(Stored items)
--------------------------------

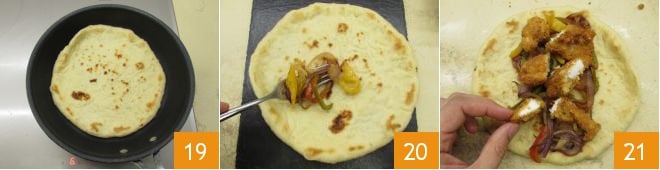Maintenant, chauffez la pita dans une poêle pendant quelques minutes 19. Encore chaude, garnissez-la avec les légumes sautés 20 et le poulet frit coupé en morceaux 21.
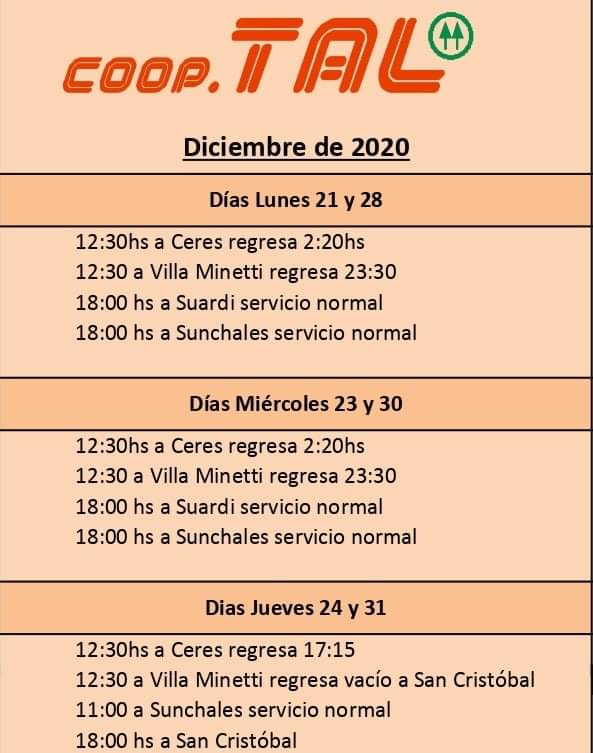 Servicios de Cooperativa TAL en Diciembre – Desde Santa Fe
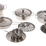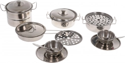 Hrniec, veľký hrniec, panvica aj pokrievky z kovu znejú a vyzerajú ako skutočné. Deti si tak trénujú zručnosti a učia sa bezpečným návykom pri „varení“. Ľahké čistenie a vysoká odolnosť zaistia dlhú zábavu.
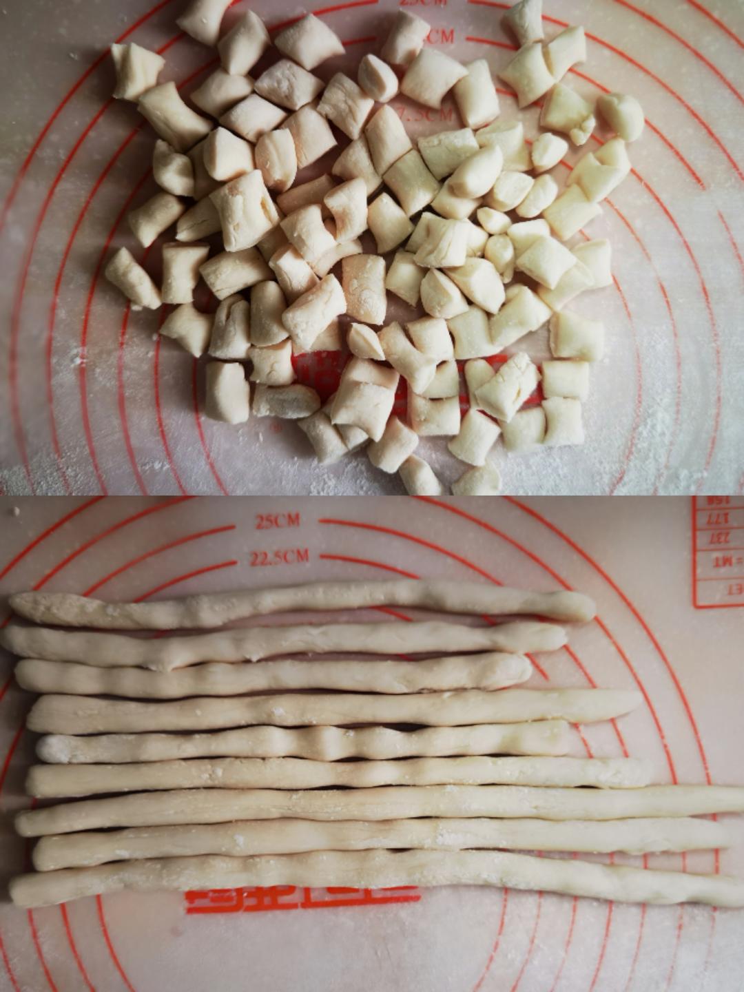 猫耳朵,跟面片相比,猫耳朵的面团更结实,这是因为需要将小面团捏出造型。制作猫耳朵
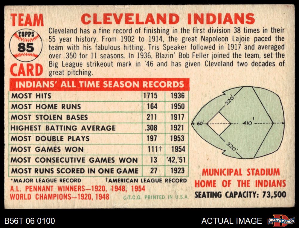 1956 Topps #85 CEN Indians Team 3 - VG
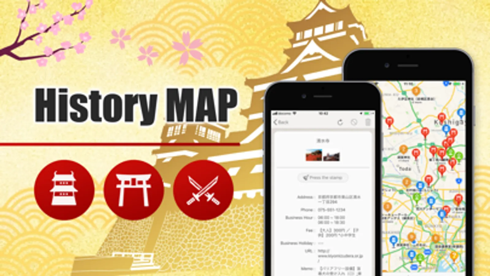 All pins registered on the map, such as castles, shrines, and historical sights, are navigated by GPS from the current location. In addition to walking, it also supports train and car movement, so you can go around the sights by your favorite means of transportation.
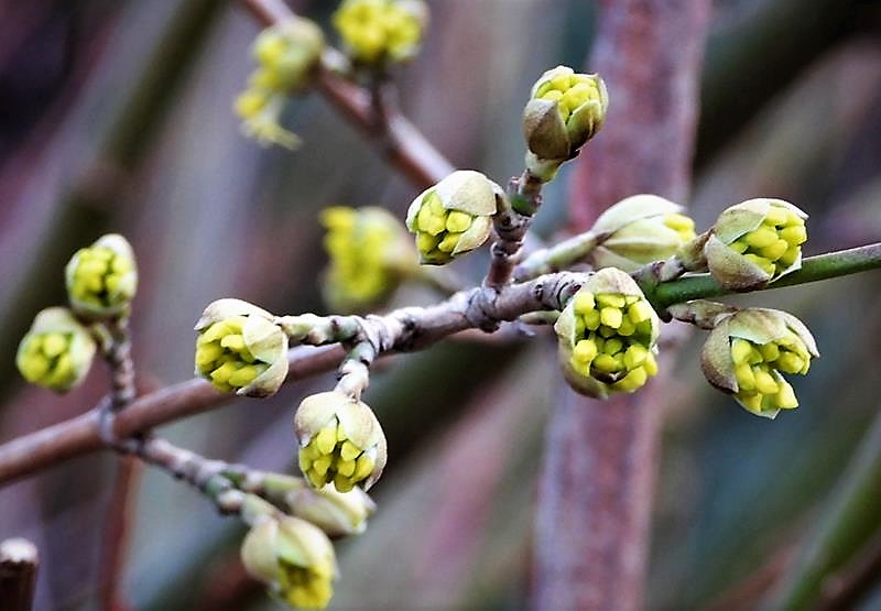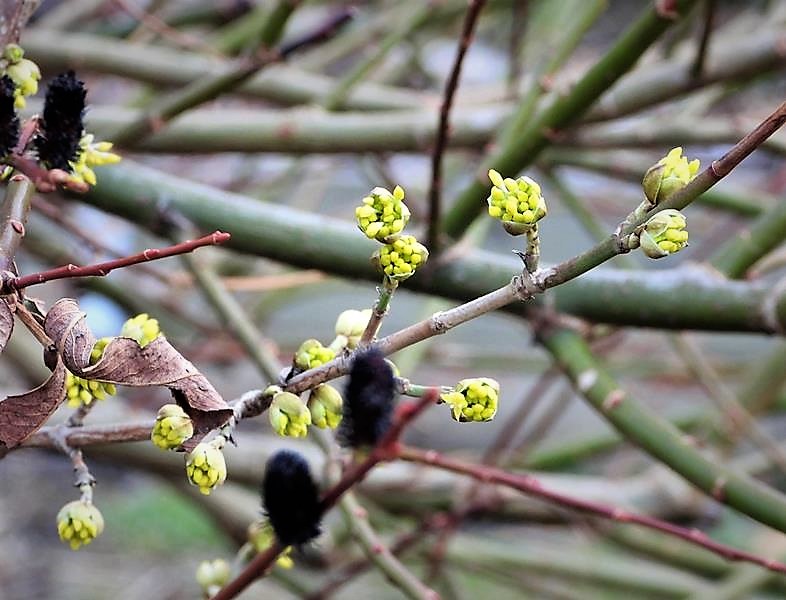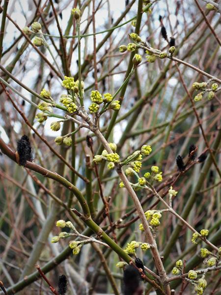 Kwiaty: drobne, żółte, z wystającymi pręcikami, skupione po kilka sztuk w główkowate kwiatostany, pojawiają się przed rozwojem liści.
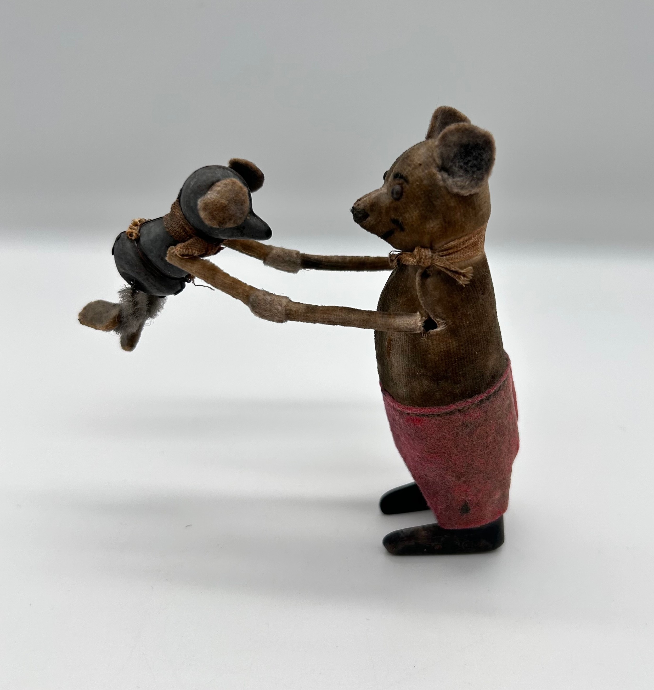 1930's vintage clockwork toy ''Dancing mouse with baby mouse'' made by German toy company Schuco.
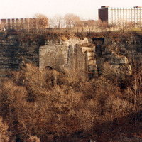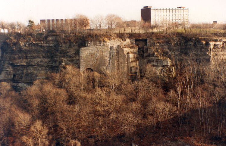 - en-CA Remains of the Schoellkopf Power Station on the American side of the Niagara River, slightly downstream from the Rainbow Bridge. It collapsed into the Niagara River on June 7, 1956
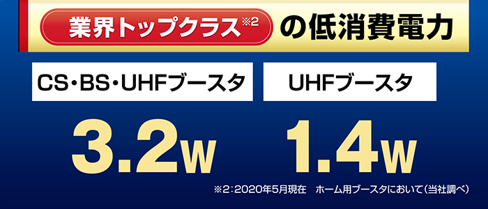 CS・BS・UHFブースタは、3.2W、UHFブースタは1.4Wと、業界トップクラスの低消費電力を実現しています。
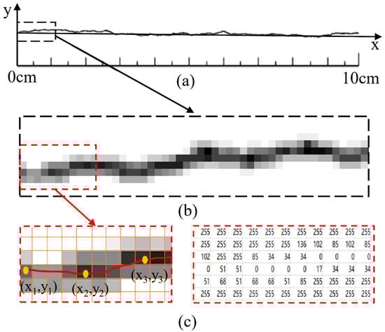 In the current study [38,39], the specimen with structural plane was made by pouring on one side of the structural plane first, and then pouring on the other half after solidification. To make specimens with more realistic structural planes, in this paper, the roughness contour was digitalized by the gray image-processing method. In shooting and calculation, gray digital images will carry a lot of information. Each pixel in the image constitutes a sample. These kinds of images, called black-and-white images, consist only of gray shadows, taking Barton’s standard JRC profile with the value of 12–14 as an example (Figure 1a). Figure 1b shows the basic gray image of the 1 cm of this JRC curve. The built-in function of MATLAB can divide the gray image into a pixel grid as shown in Figure 1c. The part shown contains 160 pixels, with a width of 11 pixels and a height of 6 pixels. Each pixel can be represented by a value from 0 to 255. The grayer the pixel, the lower the gray value.
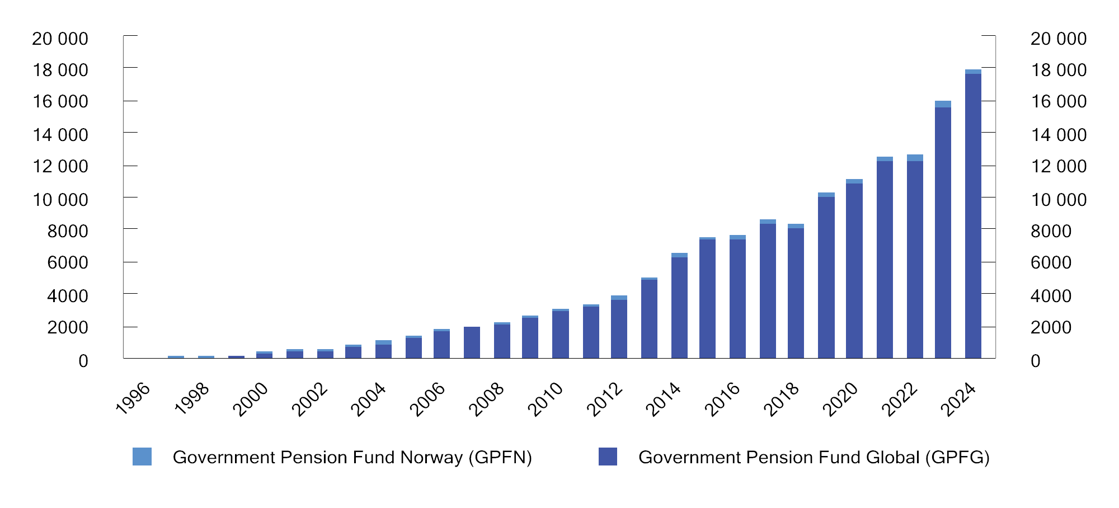 Government Pension Fund market value from 1996 to 2024. NOK billion

--------------------------------

TASK TO CARRY OUT — Exactly as they appear, please return only the lines from the first line of the records through the line containing "Servicios de Cooperativa", both included, leaving out all pictures.

RESULT FOR THIS TASK —
Maintenant, chauffez la pita dans une poêle pendant quelques minutes 19. Encore chaude, garnissez-la avec les légumes sautés 20 et le poulet frit coupé en morceaux 21.
 Servicios de Cooperativa TAL en Diciembre – Desde Santa Fe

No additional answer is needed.